L'arca olearia 16/04/2021

Il tirosil oleato come potenziale marker di qualità dell'olio d'oliva

Il tirosil oleato come potenziale marker di qualità dell'olio d'oliva

La presenza di tale molecola è correlata all'aumento del difetto e all’aumento della concentrazione dei precursori sia durante i processi di irrancidimento, che di frangitura e gramolazione


Il tirosolo è un noto antiossidante monofenolico presente in grande quantità nell’olio d’oliva e nelle acque dei reflui oleari.

I derivati del tirosolo, ed in particolare il tirosil oleato (Figura 1), sono meno attivi del tirosolo libero ma presentano una migliore affinità con i costituenti delle membrane cellulari. Le analisi sono state condotte utilizzando un sistema HPLC munito di una colonna cromatografica Discovery C18. Le analisi MS/MS sono state condotte per mezzo di uno spettrometro di massa in modalità negativa utilizzando il monitoraggio delle reazioni multiple (MRM). Per la determinazione del tirosil oleato una soluzione concentrata di analita è stata introdotta nel sistema LC-MS per infusione diretta.

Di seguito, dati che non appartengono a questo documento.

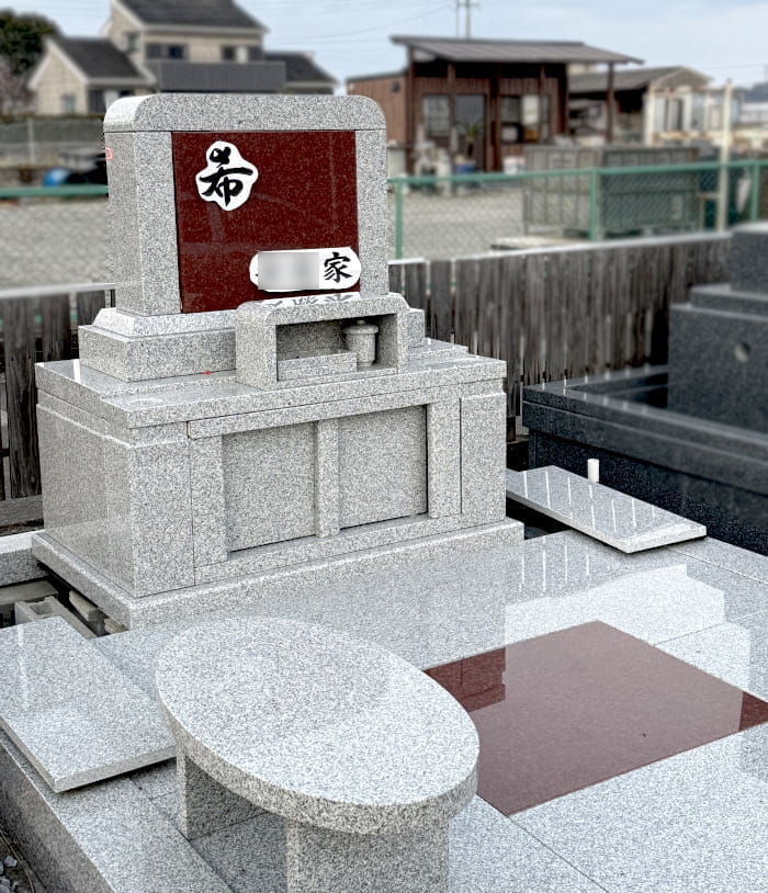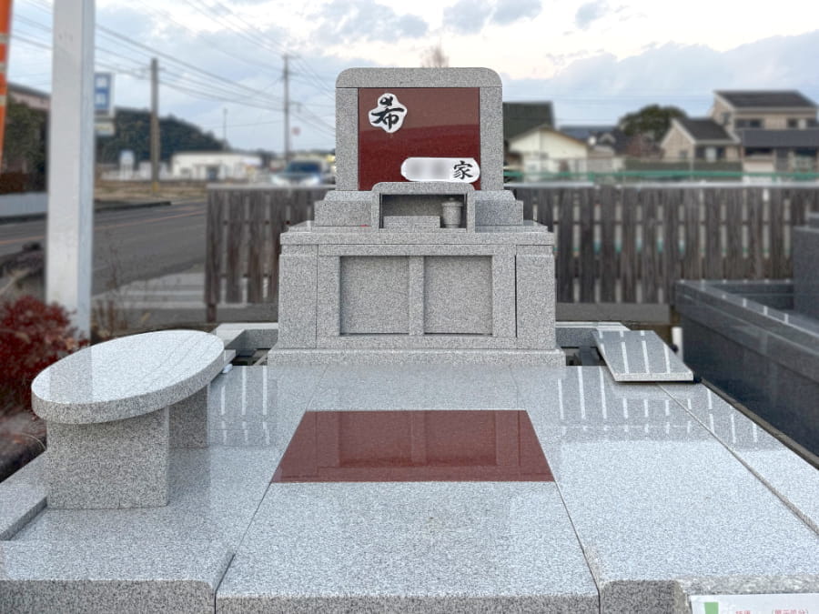 仕入れ元の協賛により、人気の洋型墓石(白・赤御影使用)を税込88万円・2基限定でご案内いたします。機能性に優れたデザインの洋型墓石で、サイズは約2m×2.5m。宮崎市営霊園などに適した大きさです。(下記のお写真は参考です。実物と異なることがあります。)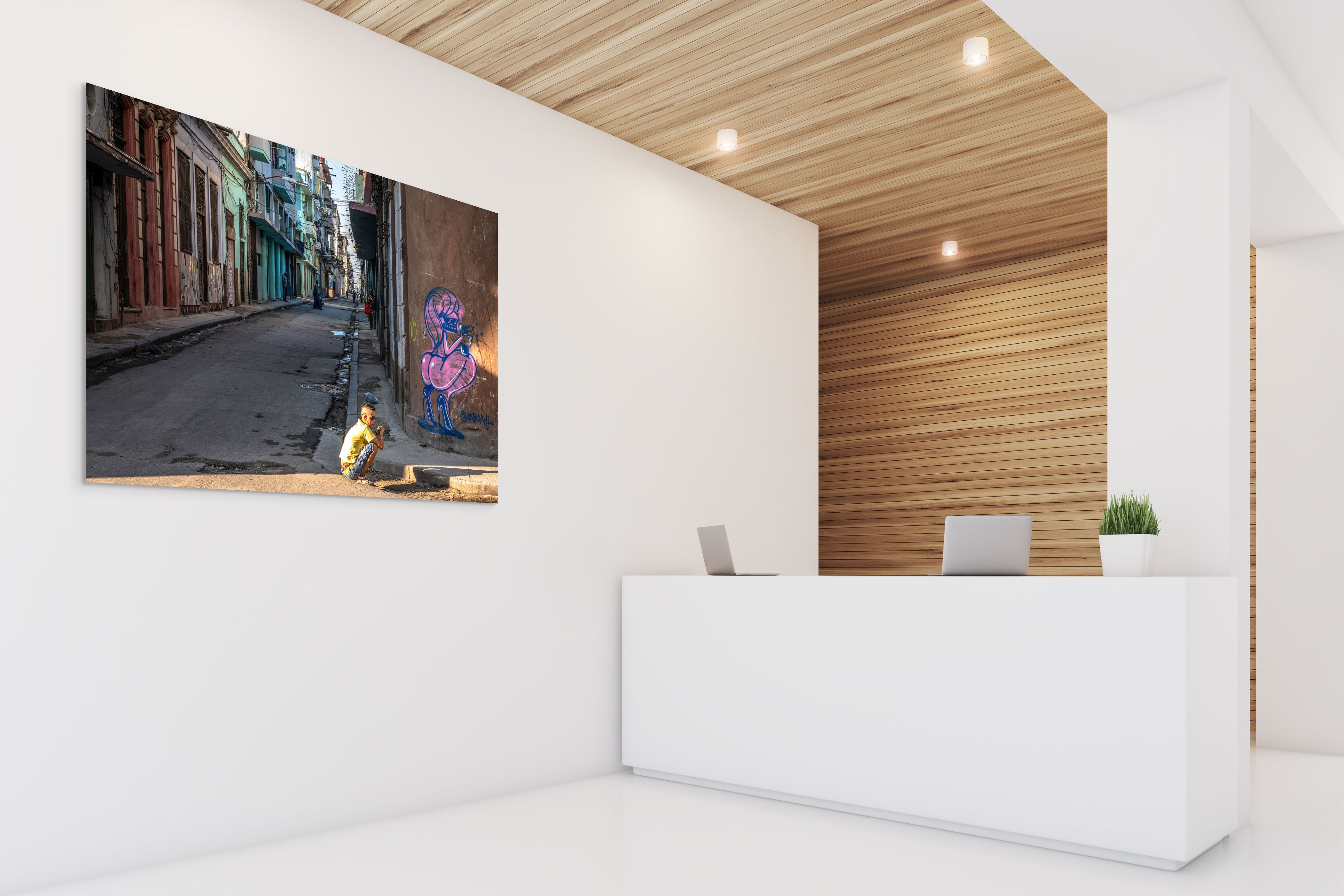 The street itself extends into the distance, creating strong linear perspective, with a few pedestrians and residents scattered further down, contributing to the narrative of daily life within this vibrant and dynamic setting. The interplay of natural light, shadows, and colors enhances the texture and ambiance, inviting viewers to contemplate the intersection of art, community, and individual expression in urban spaces.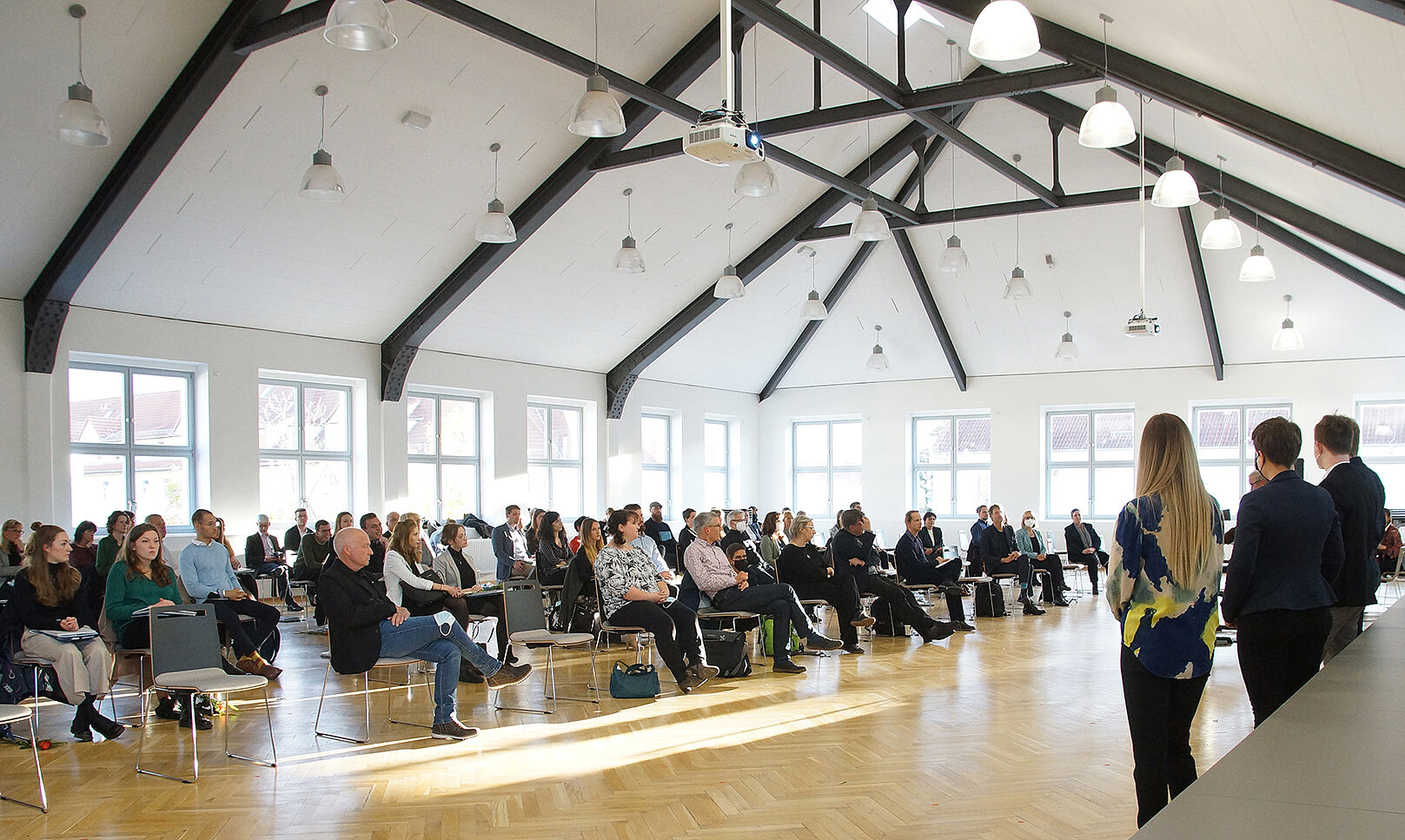 Nach einer Begrüßung durch Prof.in Yvonne Brandenburger - Vizepräsidentin für Forschung und Transfer - folgte Gastredner Dr.-Ing. Bertram Schiffers, seit 2015 Projektleiter bei der Internationalen Bauausstellung Thüringen. In seinem Vortrag lobte er zunächst das Durchhaltevermögen der Studierenden, unter den erschwerten Bedingungen, ihr Studium erfolgreich abzuschließen. Thematisch stünden derzeitige Planungen und der begrenzte Boden im Spannungsfeld zwischen Klimawandel und Kapital von Investoren. Gleichzeitig gelte es dem Gemeinwohl gerecht zu werden und nicht zuletzt die baurechtlichen Aspekte zu berücksichtigen. Die Entwicklung der Städte gehe nun von der autogerechten zur handygerechten Stadt. Parallel dazu müsse aber auch die analoge Weiterentwicklung öffentlicher Räume mitgedacht werden. Die Absolventen seien aufgefordert im Berufsleben die richtige Flughöhe zu finden und den Horizont nicht aus den Augen zu lassen.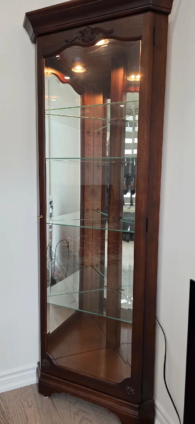 Selling a lovely corner curio cabinet with a dark wood finish! It features glass shelves and a mirrored back, perfect for displaying your favourite collectibles or decor items. The cabinet is in great condition and has a built-in light to showcase your items beautifully. It's a stylish piece that will fit nicely into any corner of your home!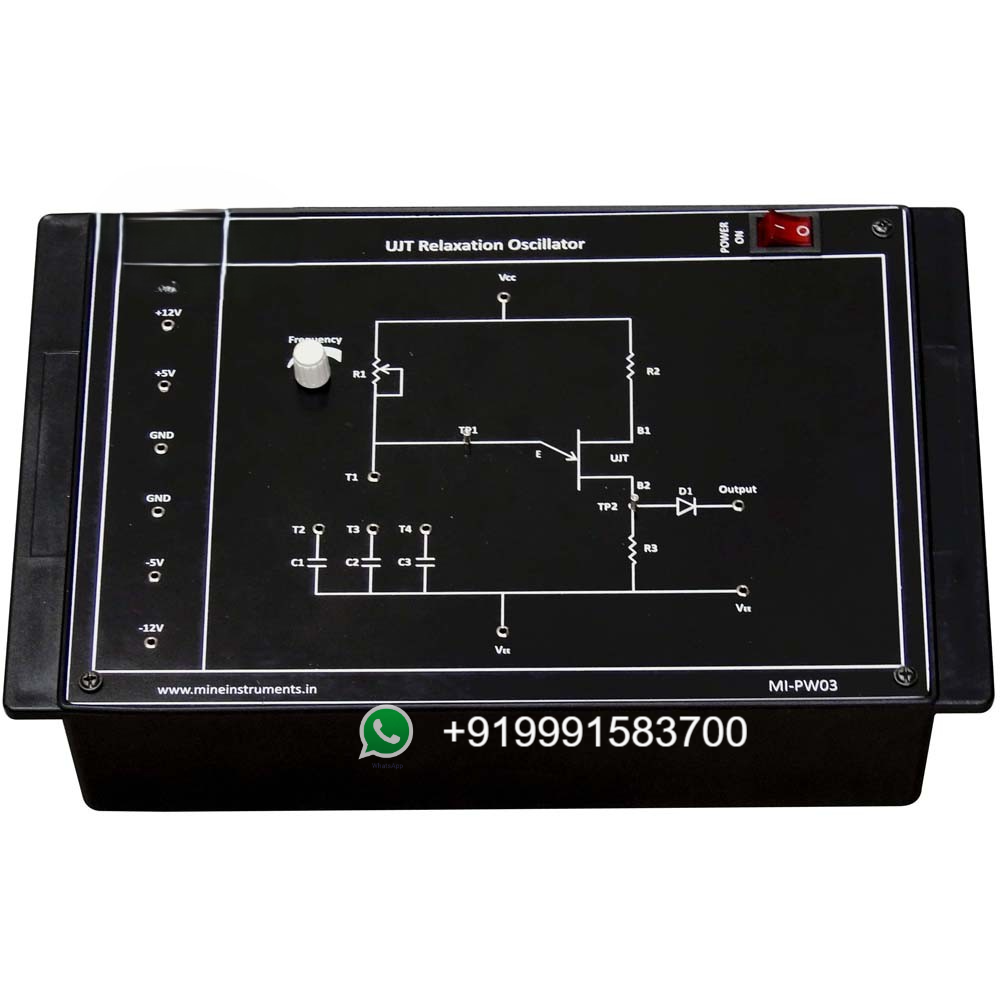 Mine  UJT Relaxation Oscillator UJT Relaxation Oscillator Trainer   has been designed specifically to demonstrate the importance of UJT as Relaxation Oscillation. UJT Relaxation Oscillator trainer is an extremely useful laboratory kit which provides facilities for hand on experience to various experiments in the field of Power Electronic circuit trainer and provides all necessary inputs and connections for student to study UJT Relaxation

Lo spettro di frammentazione ha registrato la presenza dello ione molecolare a m/z 401.2 e il suo frammento principale a m/z 281.3. Il tirosil oleato è stato ricercato in diverse matrici olearie: drupe, foglie, oli extravergini di oliva (cv Nocellara del Belice, Carolea,Dolce di Rossano), oli di oliva aziendali difettati, acqua di vegetazione e sansa. Per l’estrazione dei composti fenolici dalle matrici olearie sono stati utilizzati quattro metodi di laboratorio.

Il primo e il secondo metodo sono stati estremamente laboriosi e hanno richiesto un cospicuo consumo di solventi con una resa poco soddisfacente. Il terzo metodo che ha previsto l’utilizzo di una soluzione di metanolo e acqua ha fatto rilevare l’estere in piccole quantità. Il quarto metodo con l’utilizzo del n-esano ha evidenziato risultati simili al terzo metodo ma con una risposta cromatografica migliore (Figura 2).

I risultati ottenuti hanno dimostrato la presenza del tirosil oleato negli oli difettati (Figura 3), questi sono stati definiti tali dall’analisi sensoriale, classificando l’olio aziendale 1 come Vergine, l’olio aziendale 2 Lampante ed infine l’olio aziendale 3 Lampante. Inoltre, il tirosil oleato è stato rilevato nei sottoprodotti dell’industria olearia, come nell’olio di polverino di sansa (figura 4).

Dunque, questo lascia pensare che la presenza della molecola sia correlata all'aumento del difetto e all’aumento della concentrazione dei precursori sia durante i processi di irrancidimento, che di frangitura e gramolazione. Tale molecola evidentemente si forma in seguito a reazione di esterificazione catalizzata da un’opportuna esterasi presumibilmente attivata dal processo di frangitura, a partire dai precursori, l’acido oleico e il tirosolo.